Running the harness¶

Against the checked-in oracle:

pytest tests/diff/ -v

Expected output: 12 oracle tests + 1 self-parity test, all passing under Phase B tolerance.

Re-freezing the oracle¶

The oracle pickles in bench/oracle/ are keyed by a corpus fingerprint. If the synthetic corpus generator (bench/corpus.py) changes, or upstream changes, the oracle must be re-frozen against a pristine upstream install.

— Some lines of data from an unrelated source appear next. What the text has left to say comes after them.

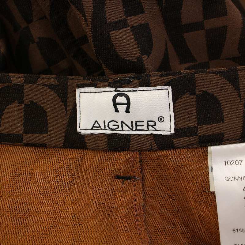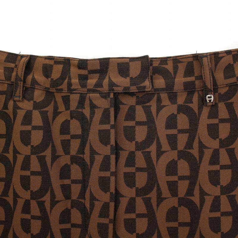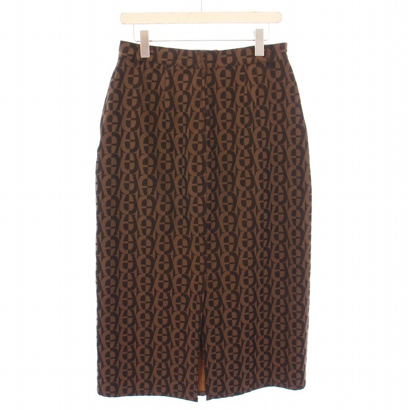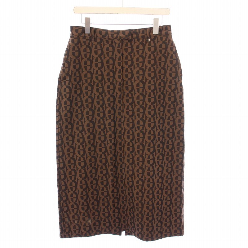アイグナー AIGNER タイトスカート ミモレ ロング ジップフライ ストレッチ スリット 総柄 I44 茶 ブラウン /BB レディース
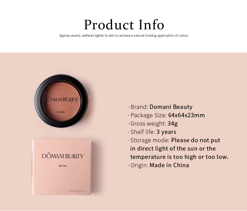 Информация о продукции Наносится равномерно, слегка прилипает к коже для достижения естественного нанесения цвета Бренд: DOMANI Размер посылка: 64*64*23 мм Вес брутто: 34 г Срок годности: 3 года Режим хранения: пожалуйста, не помещайте в прямой светильник на солнце или температура слишком высокая или слишком низкая Происхождение: Сделано в Китае Фантастические Румяна равномерно наносятся
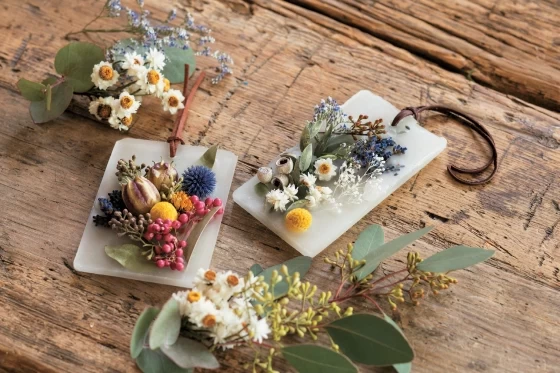 これからDIYデビューするプレ花嫁さんでも、簡単にチャレンジできるアイデアとテクニックが満載!アイテムの作り方だけでなく、結婚式の演出や装飾のヒント、会場をより素敵に見せる統一感の出し方といったコーディネート法も紹介されています。

The recipe used to produce the current oracle:

# 1. Clone pristine upstream at the fork base commit.
git clone --depth 50 \
    https://github.com/claradepaolis/CAFA-evaluator-PK.git \
    /tmp/cafa-upstream
git -C /tmp/cafa-upstream checkout 16a6a6d

# 2. Run the freezer against it, importing upstream from source.
cd /path/to/cafaeval-protea
PYTHONPATH=/tmp/cafa-upstream/src:. \
    python -m bench.freeze_oracle

The freezer produces six files:

bench/oracle/tiny.pk.pkl
bench/oracle/tiny.nk.pkl
bench/oracle/medium.pk.pkl
bench/oracle/medium.nk.pkl
bench/oracle/large.pk.pkl
bench/oracle/large.nk.pkl

Each record contains the corpus fingerprint, the exact cafa_eval call kwargs, and pickled df / dfs_best DataFrames. The fingerprint binds the oracle to a specific corpus contents — if the fixture fingerprint drifts, the test fails loudly instead of silently comparing against the wrong snapshot.

Synthetic corpora¶

Three corpora, all generated deterministically by bench.corpus:

tiny: Small smoke-test corpus. Used for fast iteration during development.
medium: Mid-size corpus that exercises every metric column.
large: Large synthetic corpus that stresses the sparse kernels. Closer to real CAFA workloads in density and shape.

None of the corpora include real biological data; they are seeded random DAGs and random prediction scores chosen to cover all code paths.